Молчит, не отвечает.
- Ладно. Я тебя здесь оставлять не могу. Маму мы увезем, а что твоему папаше в голову придет - не знаю. Еще тебя чем-нибудь огреет.
Девочка вздохнула. Тяжело ей от всего этого. А что я могу сделать? С собой же ее не заберу. Очень мне хотелось помочь как-то этому ребенку. А как? Я сам, по сути, еще ребенком был. Напустил на себя суровости, чтоб в минор не уйти, и говорю:
- Пойдем, покажешь, где живет соседка, которая нас вызывала.

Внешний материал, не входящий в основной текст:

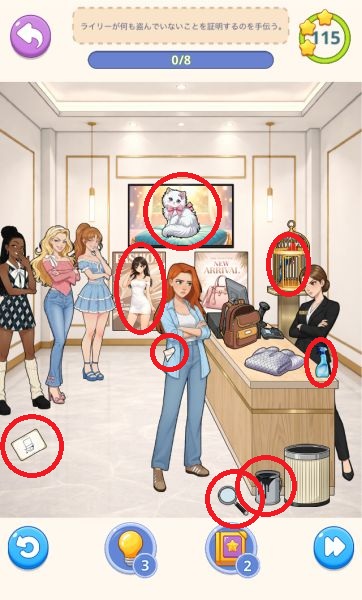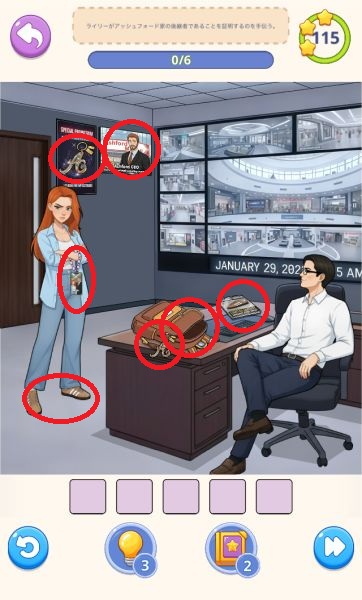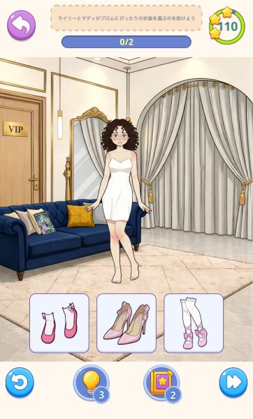 - 机の奥にある靴が描かれた本をタップし、その後ライリーの靴をタップする
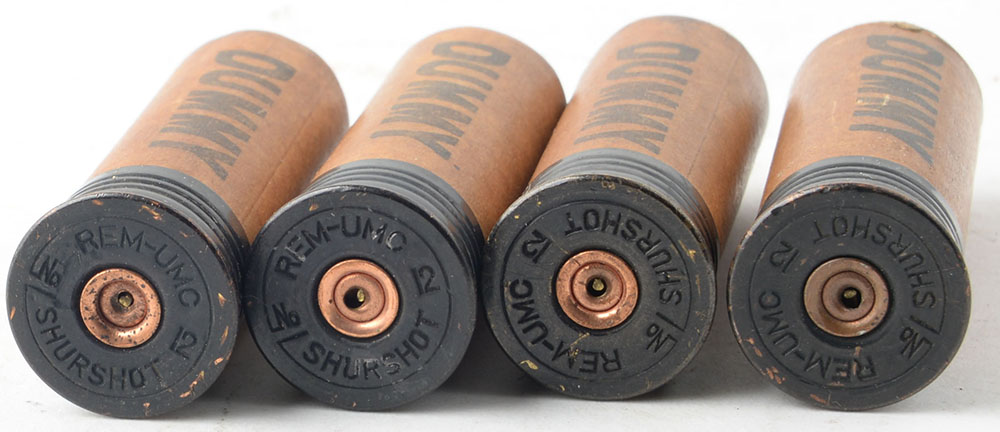 Lot of 4 REM-UMC Shurshot 12ga, loaded tan paper cases, 2 3/8'' OAL. Grade: Very Good ++ - Value: 10 to 50

Покорно поплелась впереди меня. На той же лестничной площадке нам открыла дверь соседка. Объяснил ситуацию.
- До вечера пусть у вас посидит, пока ее отец не протрезвеет.
Дрогнула жилка на лице у соседки. Едва заметно дрогнула, но понял я, что не рада она. Но забрала девочку. Возвращаюсь. Пока ходил, обстановка переменилась в корне. Дебош, крики. Урод этот проснулся уже. Разбудил я его, наверное, все-таки. Встал он, а похмелиться нечем. Жена все выпила.
- Ах ты тварь! Алкоголичка конченая! Я тебя гадину задушу! Где водка? Сколько ж ты надо мной издеваться будешь? - надрывается мужичонка. Распаляет себя. Доктору моему все это не очень интересно. Он дядька флегматичный. Санитар - парень крепкий. Раза в два больше меня. Но безынициативный. Ему команда нужна. Без команды он теряется. В общем, пришлось мне порядки наводить. Начинаю:
- Чего разорался? В РОВД давно не был? Могу устроить. Тебе как, прям щас или до вечера подождешь?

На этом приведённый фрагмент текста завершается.